(Work request): Starting at the top of the records below and ending with the line that contains "幻景瓦是多富瑞產(chǎn)", print each line exactly as written, skipping the pictures.

Entries provided: Begin

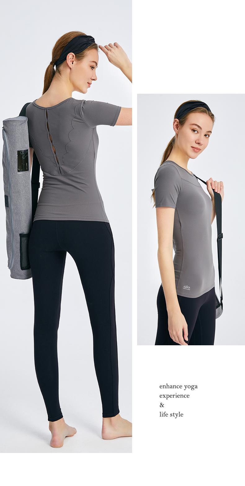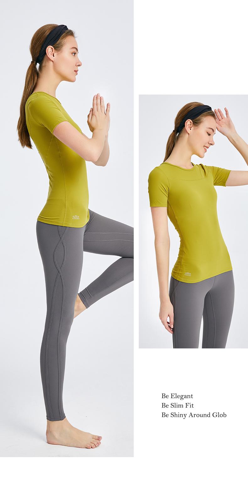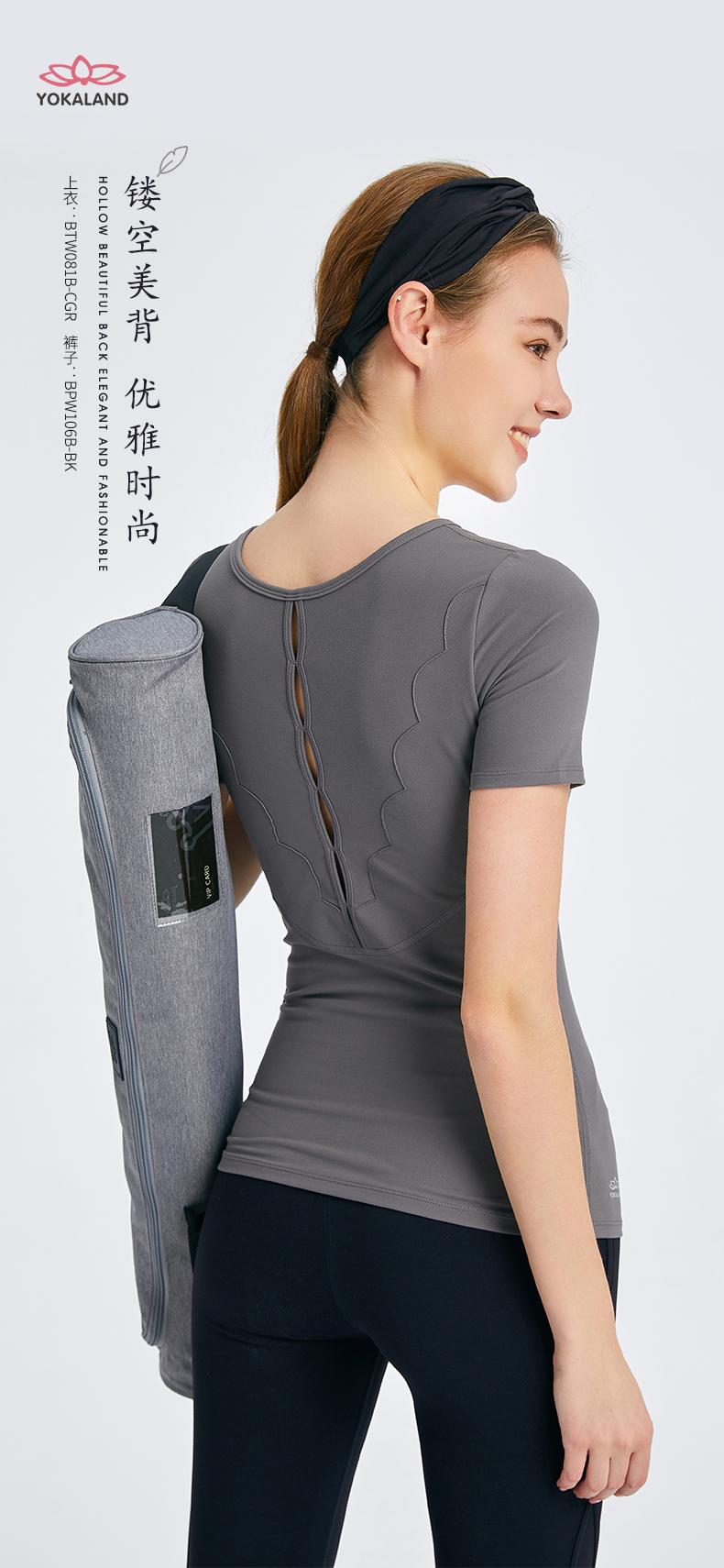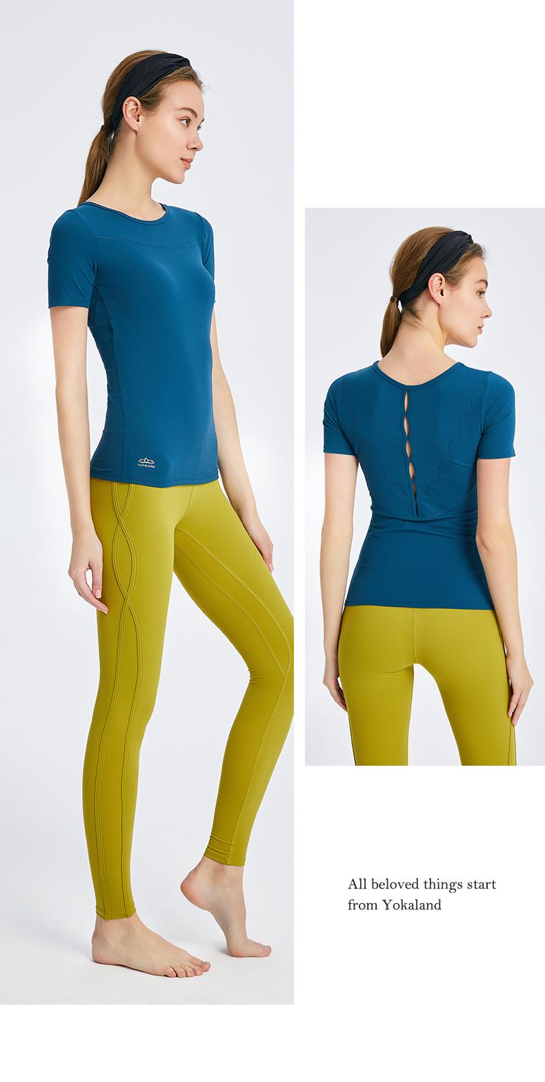 优卡莲春夏BTW081B轻羽优雅显瘦圆领拼纱休闲瑜伽短袖T恤女
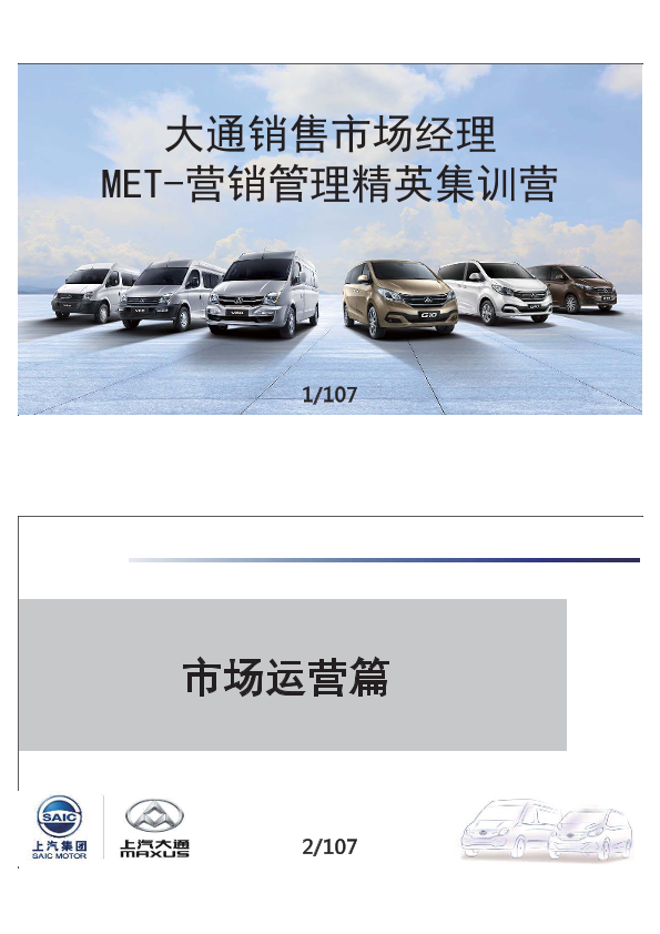 上汽大通 培训材料 市场运营 汽车营销 营销管理
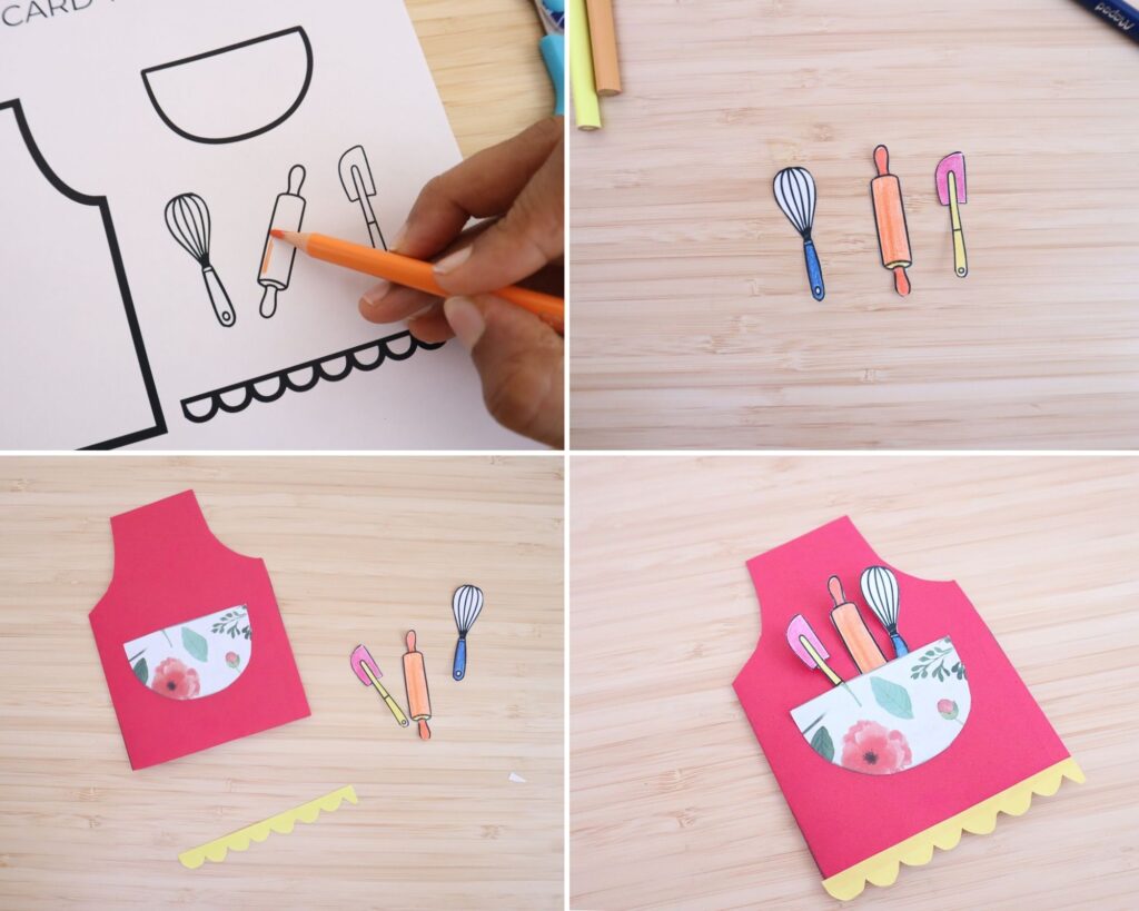 Start by printing the Mother’s Day apron card template on regular paper. This template includes the apron shape, pocket piece, and the small kitchen tools that will go inside the pocket.
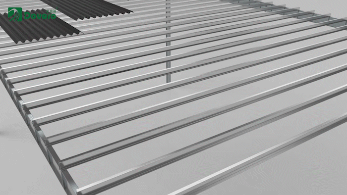 幻景瓦是多富瑞產(chǎn)品線中尺寸最大的一款瓦材,可以橫跨檁條,使用鋼結(jié)構(gòu)瓦釘將幻景固定至檁條上,施工極為方便。
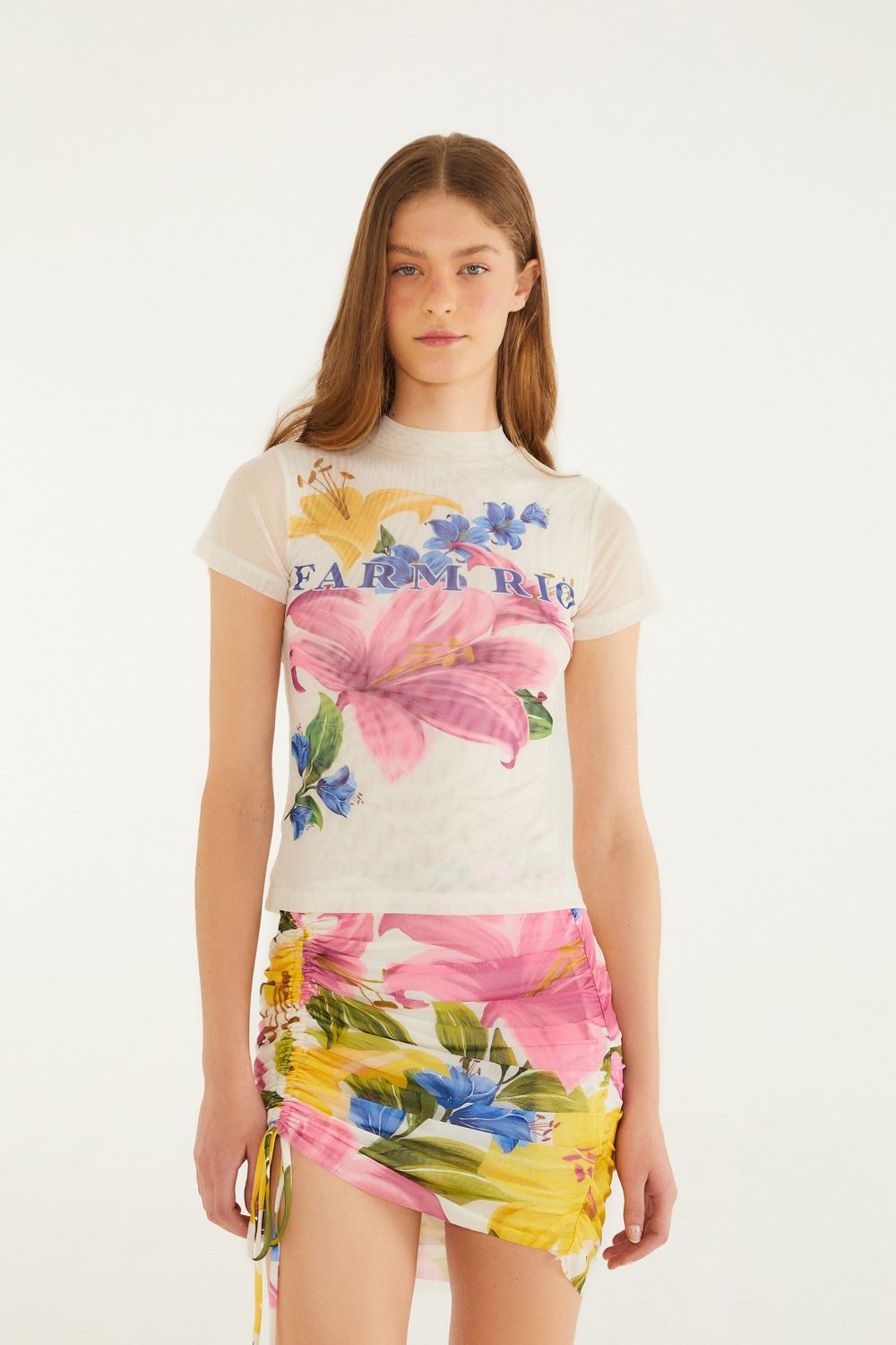 blusa tule estampada floral malu. confeccionada em tule leve e suave, possui estampas florais que trazem frescor e originalidade. o corte ajustado e as mangas curtas realçam a peça, enquanto o decote redondo proporciona um toque casual perfeito para dias ensolarados. ideal para combinar com saias ou calças fluidas, é aquela escolha certeira para um passeio ao ar livre. FARM RIO original - alto verão 26.-
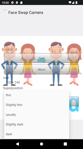 ■Introduction This Face Swap Camera is a camera app that recognizes faces and automatically replaces them. Face recognition can be shuffled by up to 10 people (depending on the model), and if you have a favorite image, save it. Image ① This is the first screen of the application.
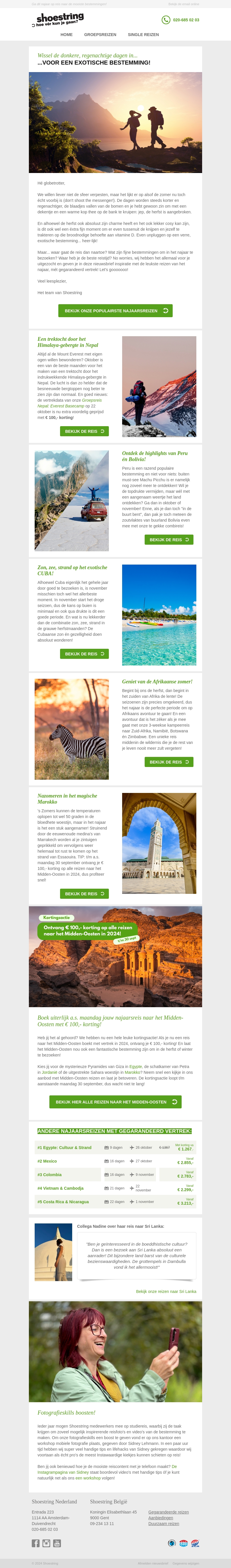 Laat de grijze dagen achter je en reis af naar exotische bestemmingen. Deze nieuwsbrief biedt je de mogelijkheid om geweldige plekken te ontdekken en te genieten van speciale kortingen. Of je nu de warmte van Cuba wilt voelen of de stijl van Marokko wilt ervaren, wij hebben de perfecte reis voor jou.

Entries provided: End

(Your solution):
 优卡莲春夏BTW081B轻羽优雅显瘦圆领拼纱休闲瑜伽短袖T恤女
 上汽大通 培训材料 市场运营 汽车营销 营销管理
 Start by printing the Mother’s Day apron card template on regular paper. This template includes the apron shape, pocket piece, and the small kitchen tools that will go inside the pocket.
 幻景瓦是多富瑞產(chǎn)品線中尺寸最大的一款瓦材,可以橫跨檁條,使用鋼結(jié)構(gòu)瓦釘將幻景固定至檁條上,施工極為方便。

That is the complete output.